Neurobehavioral Rating Scale-Revised (NRS-R)
The NRS-R is a 29-item scale used to measure neurobehavioral disturbances resulting from acquired brain injury (McCauley et al., 2001; Rapoport et al., 2002; Soury et al., 2005; Vanier et al., 2000). Items address orientation, memory, attention, abstract thinking, planning, emotional status, and behavior. Assessors rate each item on a 4-point Likert-type scale ranging from 1 (absent) to 4, indicating severe impairment. Ratings for each item are summed to yield a total score. In addition, a factor analytic investigation revealed three independent factors comprising three scales: Cognitive, Emotional and Hyperarousal (Soury et al., 2005). Research has indicated acceptable inter-rater reliability and criterion related validity (McCauley et al., 2001; Rapoport et al., 2002; Soury et al., 2005; Vanier et al., 2000).
Data analyses
To determine whether patients with a history of SUD differed in demographic characteristics from those without, analyses of variance (ANOVAs) were run for continuous demographic variables and chi-square tests for categorical variables. All demographic variables that differed between patients with and without a history of SUD were entered as covariates into the following analyses. Twelve hierarchical linear models (HLMs) (Kwok et al., 2008) were performed to examine whether linear trajectories of TBI outcomes across the three time points (baseline, discharge, and follow up) could be predicted by history of SUD. These outcomes included the DRS; FIM motor and cognitive; self, family, and clinician ratings of the PCRS; self and family ratings of the FrSBe; NRS; PCRS self-family and self-clinician discrepancies; and the FrSBe self-family discrepancy. History of SUD (0 = no SUD, 1 = SUD), time, and the SUD*time interaction were entered as fixed effects into each HLM, in addition to the covariates. TBI outcome scores at each of the three time points (except the PCRS which was collected at baseline and discharge) were entered as the dependent variables. Note that for simplicity, only the effects of SUD and the SUD*time interaction term are reported.

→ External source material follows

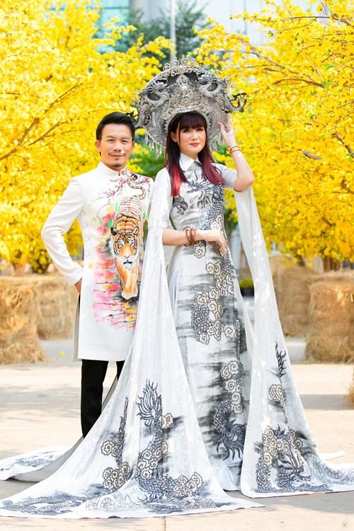 Lấy ý tưởng từ hoa văn cung đình được lồng ghép khắc họa nổi trên tà áo dài dành riêng cho diễn viên Hiền Mai. Mất 6 tháng chế tác với nhiều nghệ nhân làng nghề hợp tác, trên nền vải gấm dạ quang màu xám bạc, điêu khắc họa tiết hoa văn rồng nổi với 20 ngàn viên pha lê lớn làm nổi bật điểm nhấn của thân áo, áo dài được thiết kế với 1 tà lớn và 2 tà nhỏ. Chiếc áo này là một phiên bản trong bộ sưu tập Quốc Phục RỒNG ĐÔNG PHƯƠNG của NTK Minh Hùng.
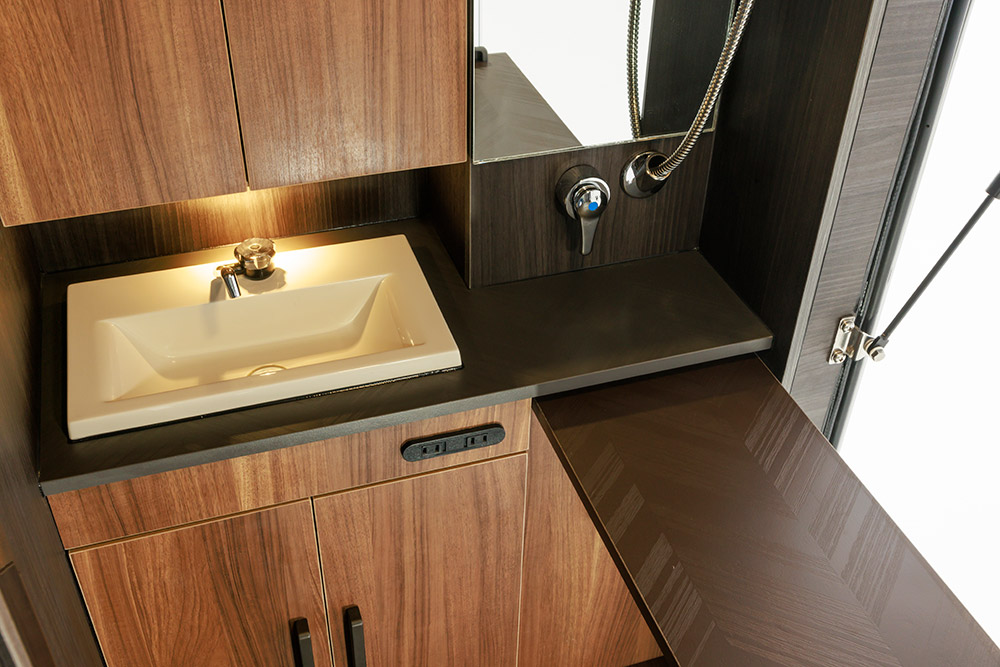 When it comes time to wash up, the waterproof bathroom area comes in handy. There’s a shower head, along with a floor drain, plus a mirror, sink, and counter for your toiletries. Sadly, a toilet isn’t available, so you’ll have to hunt down facilities or make like a bear in the woods.

Statistically significant fixed effects on outcome trajectories were then graphed across each of the time points. Main effects would indicate that outcome scores over time vary as a function of participants’ history of SUD. Significant time*SUD interaction terms would indicate the effect of SUD on outcome trajectories changed differentially over time (i.e., differed in slope). Missing data ranged from 2.6% (PCRS – Self) to 13.8% (FrSBe – Self) at Time 1, 5.3% (FIM – Cognitive) to 21.1% (FrSBe Self-Family Discrepancy) at Time 2, and 32.9% (FrSBe – Self and FIM – Cognitive) to 41.4% (DRS) at Time 3. Full information maximum likelihood (FIML) estimation was used to account for missing data. The alpha level of was set at α= 0.05, and all analyses were performed using SPSS v. 22 with the raw scores of each variable.
Results
Demographic differences in SUD history
Patients with a history of SUD were younger [35.90 years (SD = 13.32) vs. 44.68 (SD = 20.87), p = 0.003], were more likely to be male (56% vs. 44%, p < 0.001), had a lower level of education (p = 0.042), and had a longer time to commands [11.40 days (SD = 14.49) vs. 5.73 (SD = 9.75), p = 0.006]. There were no differences, however, in racial/ethnic minority status (p = 0.162), injury as a result of violence (p = 0.299), GCS score at admission (p = 0.390), or length of posttraumatic amnesia (p = 0.108). Based on these significant differences, the following HLMs were run with the age, gender, education, and time to commands as covariates.
In the first five HLMs with the DRS, FIM motor, FIM cognitive, PCRS self, and PCRS family as the dependent variables, there were no effects of history of SUD (all ps≥0.064) or of the SUD*time interaction term (all ps≥0.143) on TBI outcome trajectories. In the sixth HLM with PCRS clinician as the dependent variable, the effect of history of SUD was significant (b = – 8.12, p = 0.018), suggesting that clinicians’ PCRS ratings of individuals with TBI were lower over time if the patient had a prior history of SUD (i.e., lower abilities; Fig. 1). However, the SUD*time interaction term was not (p = 0.864), suggesting that the slopes of these trajectories were not significantly different.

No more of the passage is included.